## WHAT THE TASK ASKS
Reproduce all of the entries character for character, while leaving out any pictures they contain.

## THE RECORDS
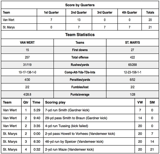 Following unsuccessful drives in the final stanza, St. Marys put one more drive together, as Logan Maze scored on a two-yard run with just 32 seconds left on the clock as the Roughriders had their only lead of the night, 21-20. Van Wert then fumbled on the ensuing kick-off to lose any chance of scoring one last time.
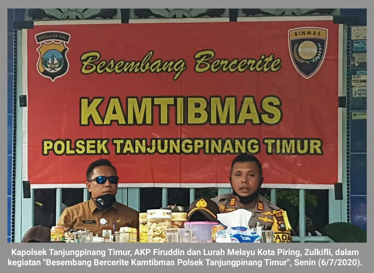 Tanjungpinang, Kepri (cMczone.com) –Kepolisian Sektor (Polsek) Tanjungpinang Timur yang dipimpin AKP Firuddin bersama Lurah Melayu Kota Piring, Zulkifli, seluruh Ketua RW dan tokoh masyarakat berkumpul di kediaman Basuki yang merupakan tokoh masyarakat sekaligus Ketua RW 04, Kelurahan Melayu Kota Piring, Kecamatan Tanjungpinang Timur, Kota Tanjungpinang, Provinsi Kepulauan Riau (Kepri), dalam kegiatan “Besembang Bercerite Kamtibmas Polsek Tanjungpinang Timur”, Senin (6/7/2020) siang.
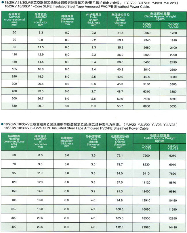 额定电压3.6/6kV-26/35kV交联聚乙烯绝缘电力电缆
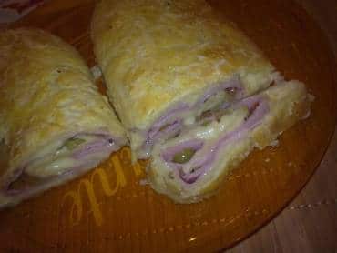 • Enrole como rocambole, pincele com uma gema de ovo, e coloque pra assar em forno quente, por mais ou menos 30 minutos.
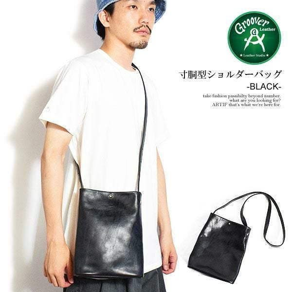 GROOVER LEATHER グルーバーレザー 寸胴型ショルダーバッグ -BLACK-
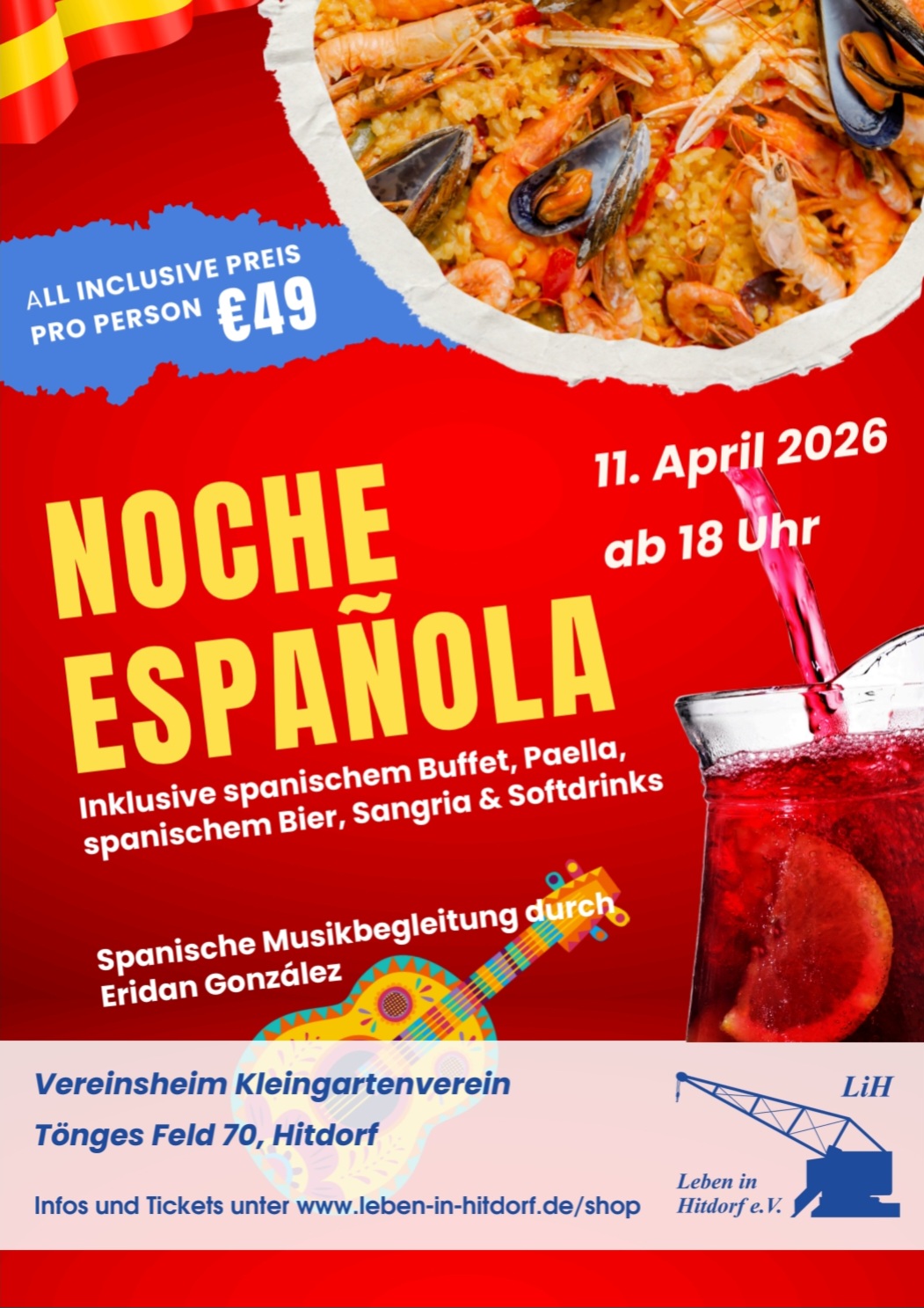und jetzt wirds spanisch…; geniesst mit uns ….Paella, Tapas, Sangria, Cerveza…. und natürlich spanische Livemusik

## RESPONSE BELOW
 Following unsuccessful drives in the final stanza, St. Marys put one more drive together, as Logan Maze scored on a two-yard run with just 32 seconds left on the clock as the Roughriders had their only lead of the night, 21-20. Van Wert then fumbled on the ensuing kick-off to lose any chance of scoring one last time.
 Tanjungpinang, Kepri (cMczone.com) –Kepolisian Sektor (Polsek) Tanjungpinang Timur yang dipimpin AKP Firuddin bersama Lurah Melayu Kota Piring, Zulkifli, seluruh Ketua RW dan tokoh masyarakat berkumpul di kediaman Basuki yang merupakan tokoh masyarakat sekaligus Ketua RW 04, Kelurahan Melayu Kota Piring, Kecamatan Tanjungpinang Timur, Kota Tanjungpinang, Provinsi Kepulauan Riau (Kepri), dalam kegiatan “Besembang Bercerite Kamtibmas Polsek Tanjungpinang Timur”, Senin (6/7/2020) siang.
 额定电压3.6/6kV-26/35kV交联聚乙烯绝缘电力电缆
 • Enrole como rocambole, pincele com uma gema de ovo, e coloque pra assar em forno quente, por mais ou menos 30 minutos.
 GROOVER LEATHER グルーバーレザー 寸胴型ショルダーバッグ -BLACK-
und jetzt wirds spanisch…; geniesst mit uns ….Paella, Tapas, Sangria, Cerveza…. und natürlich spanische Livemusik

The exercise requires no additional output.